A key witness in Sen. Bob Menendez’s corruption trial said Friday that he bribed the New Jersey Democrat and gave his wife, Nadine Menendez, a new Mercedes-Benz convertible in order to “get power and influence.”
In March, Jose Uribe, a New Jersey insurance salesman arrested alongside Menendez, entered a guilty plea and acknowledged his purchase of a $60,000 luxury automobile with the intention of influencing the senator. He’s collaborating with prosecutors. The senator has denied accepting bribes.
On Friday, Uribe stated that he had agreed to present Nadine Menendez with a car in exchange for the senator’s assistance in ending criminal investigations into two of his associates by the New Jersey Attorney General’s Office. He testified that he bribed the senator with Wael Hana, the founder of a halal certification company that authorities claim was used to pay bribes to the couple.
Throughout the senator’s corruption trial, which is now in its fourth week, prosecutors have used text messages, emails, voicemails, and financial records to portray him and his wife as participants in a complex bribery scheme involving a halal meat monopoly, the Egyptian and Qatari governments, and attempts to influence several criminal investigations.
The senator is on trial alongside two New Jersey businessmen, Hana and Fred Daibes, a real estate developer. All three have pleaded not guilty. The postponement of Nadine Menendez’s trial until later this summer is due to her ongoing treatment for breast cancer. She’s also pleaded not guilty.
Prosecutors provided text messages as evidence that Nadine Menendez complained to Hana about her lack of a car after being involved in an automobile accident that killed a pedestrian in December 2018. Authorities did not charge Nadine Menendez with the fatality.
Meanwhile, Uribe was frantic to assist a business friend charged with insurance fraud and an employee under investigation, according to authorities.
“I was f****d,” Uribe admitted Friday.
According to Uribe, Hana assured him he could resolve the difficulties for $200,000 to $250,000 and connected him with the Menendezes.
According to prosecutors, in January 2019, the senator contacted New Jersey’s attorney general, Gurbir Grewal, in an attempt to disrupt the insurance fraud prosecution. The claimed meddling was unsuccessful, and Uribe’s business associate finally pleaded guilty.
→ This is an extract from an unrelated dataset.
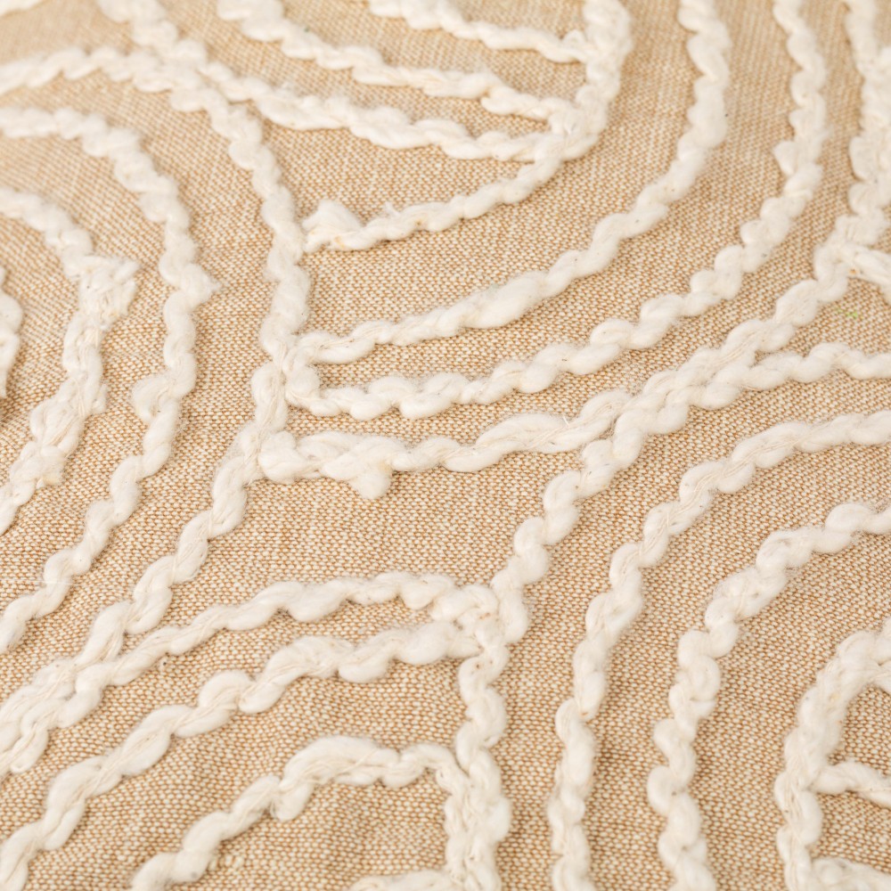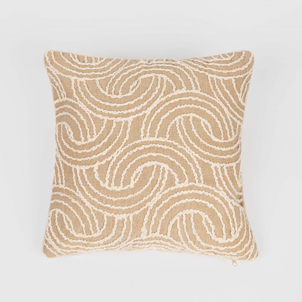 Su diseño es original y elegante con ondas de color natural formadas por cuerdas sobre un fondo arena, la cara trasera es de color arena liso con una cremallera para poder sacar su relleno.
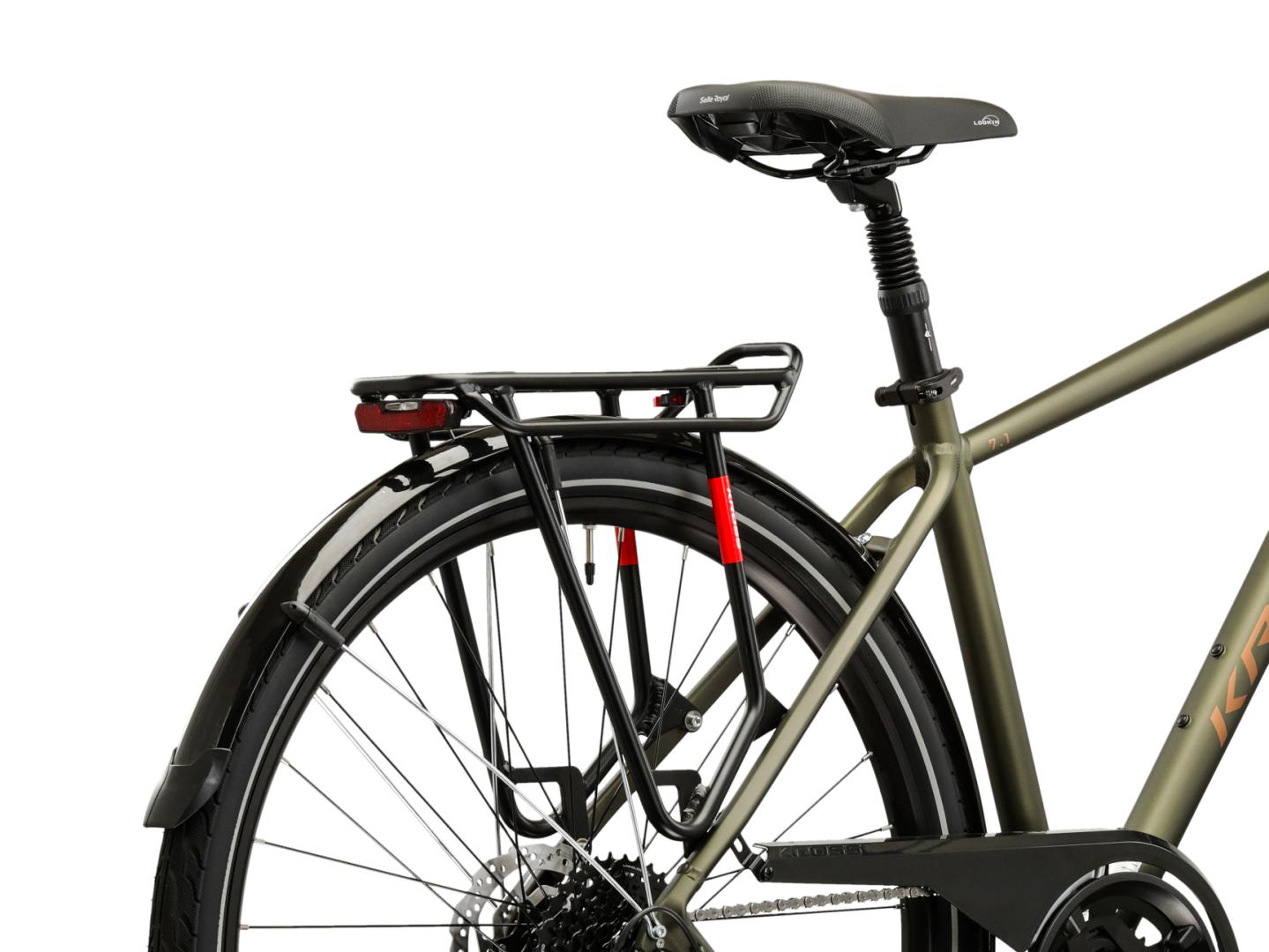 W rowerze trekkingowym nie mogło zabraknąć solidnego i stabilnego bagażnika. Umożliwia on przewożenie niezbędnego ekwipunku, a także nie będzie problemem montaż na nim dodatkowych sakw. Do kompletu trafił również system pełnych błotników, który zapewnia doskonałą ochronę przed błotem.

However, the probe into Uribe’s employee, whom he considers a family member, continues.
He told jurors that Uribe and Nadine Menendez agreed that he would buy her the automobile she wanted and that the senator, whom she would marry the following year, would try to get the probe dropped.
According to the accusations, Nadine Menendez got her new car by early April 2019, after meeting Uribe in a restaurant parking lot and receiving $15,000 in cash as a down payment.
“Congratulations, mon amour de la vie! We are the proud owners of a 2019 Mercedes,” she allegedly texted the senator.
Uribe later arranged car payments, texting an acquaintance, “I don’t want to use anything with my name on it,” according to communications shown to jurors.
Months later, prosecutors allege Uribe texted Nadine Menendez about the employee. “Please help,” the text said.
“I will not let you down,” Nadine Menendez allegedly said.
“We need to make things go away,” Uribe added, according to prosecutors.
A few days later, the senator contacted the attorney general, Grewal, to arrange a meeting. Grewal testified about the January 2019 phone discussion with Menendez and the September 2019 visit to the senator’s Newark office.
Menendez “raised a concern about my office’s handling of matters involving Hispanic defendants as compared to non-Hispanic defendantsโin particular, matters handled by the office of the insurance fraud prosecutor,” Grewal said, adding that he asked Menendez if the concern was “about a pending criminal manner, to which he responded, ‘yes.'”
Grewal summoned another attorney from his office to the September meeting, and Menendez brought up the subject again, according to his testimony.
“I can’t talk to you about this,” Grewal remembered telling Menendez.
When the two departed the meeting with Menendez, Grewal stated the other attorney turned to him and said, “Whoa, that was gross.”
When asked by Menendez’s attorney if the senator had threatened him, Grewal said, “No.”
After the FBI searched the Menendezes’ home in Englewood Cliffs, New Jersey, in June 2022 and discovered stacks of cash, gold bars, and the Mercedes, Nadine Menendez and Uribe met to discuss what he would say if asked about the car payments, according to his plea agreement.
“I told her that a dear friend of mine was in a financial predicament, and I was assisting that friend in making auto payments, and that when she was financially sound, she would repay me. Nadine says, ‘That sounds good,'” Uribe informed the judge in March, according to the AP.
Prosecutors allege that the senator then issued a check to his wife, who subsequently wrote one to Uribe, describing it as a loan. Prosecutors said the depiction was a falsehood intended to conceal the prior bribe.
Menendez’s defenders have attempted to transfer blame to his wife, claiming they led separate lives and that he was mostly unaware of her connections with the three businessmen accused of bribery.
“She kept Bob out of those conversations,” his attorney, Avi Weitzman, said.